**WHAT TO WORK ON**
With the pictures omitted, write out all of the listing exactly.

**DATA**
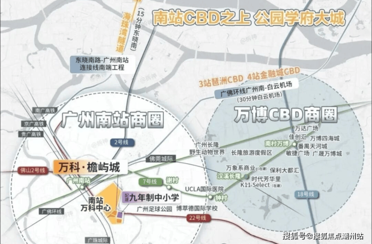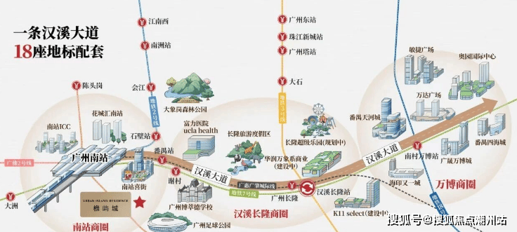 广州南站串联万博、长隆两大板块,以“超级枢纽+超级商圈”模式平移都市中心,南站8km范围聚集番禺70%的经济总量、70%的常住人口,拥有前沿的产业体系+集中的商业配套+宜居的生态资源+高效的通勤速度,是番禺最适合生活居住的组团,打造广州不可复制的“黄金动脉”。
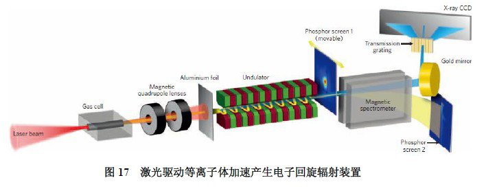 激光等離子體加速器在驅(qū)動(dòng)產(chǎn)生強(qiáng)輻射源方向有重大優(yōu)勢(shì),如圖17所示,將電子束通過(guò)磁波蕩器時(shí),將產(chǎn)生可見(jiàn)光及軟X射線波段輻射,F(xiàn)uchs等(Nature Phys. 5, 826~829(2009))將200MeV的電子通過(guò)波蕩器產(chǎn)生了17nm和9nm波長(zhǎng)的輻射,峰值亮度為1.3×1017s-1mard-2mm-20.1%BW-1。此外,激光尾場(chǎng)內(nèi)橫向電場(chǎng)對(duì)電子振蕩的調(diào)制作用也將發(fā)射較強(qiáng)的短波輻射,即電子回旋振蕩輻射。Kneip等測(cè)量250MeV電子回旋振蕩發(fā)射1~100keV的X射線輻射,并在10keV處產(chǎn)生1×1022PSB峰值亮度(Nature Phys. 6,980~983(2010))。
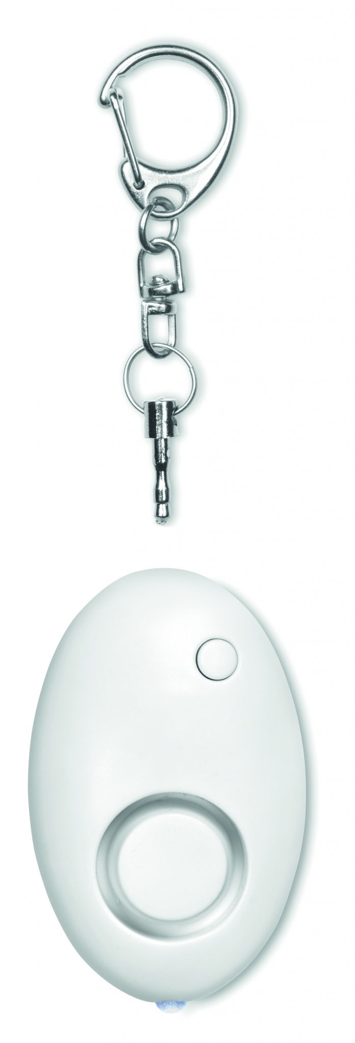 ABS- muovinen minikokoinen hälytin led valolla, aktivoi tuote vetämällä avainrengasta. Sisältää 3 AG13 patteria.

**SOLUTION BELOW**
 广州南站串联万博、长隆两大板块,以“超级枢纽+超级商圈”模式平移都市中心,南站8km范围聚集番禺70%的经济总量、70%的常住人口,拥有前沿的产业体系+集中的商业配套+宜居的生态资源+高效的通勤速度,是番禺最适合生活居住的组团,打造广州不可复制的“黄金动脉”。
 激光等離子體加速器在驅(qū)動(dòng)產(chǎn)生強(qiáng)輻射源方向有重大優(yōu)勢(shì),如圖17所示,將電子束通過(guò)磁波蕩器時(shí),將產(chǎn)生可見(jiàn)光及軟X射線波段輻射,F(xiàn)uchs等(Nature Phys. 5, 826~829(2009))將200MeV的電子通過(guò)波蕩器產(chǎn)生了17nm和9nm波長(zhǎng)的輻射,峰值亮度為1.3×1017s-1mard-2mm-20.1%BW-1。此外,激光尾場(chǎng)內(nèi)橫向電場(chǎng)對(duì)電子振蕩的調(diào)制作用也將發(fā)射較強(qiáng)的短波輻射,即電子回旋振蕩輻射。Kneip等測(cè)量250MeV電子回旋振蕩發(fā)射1~100keV的X射線輻射,并在10keV處產(chǎn)生1×1022PSB峰值亮度(Nature Phys. 6,980~983(2010))。
 ABS- muovinen minikokoinen hälytin led valolla, aktivoi tuote vetämällä avainrengasta. Sisältää 3 AG13 patteria.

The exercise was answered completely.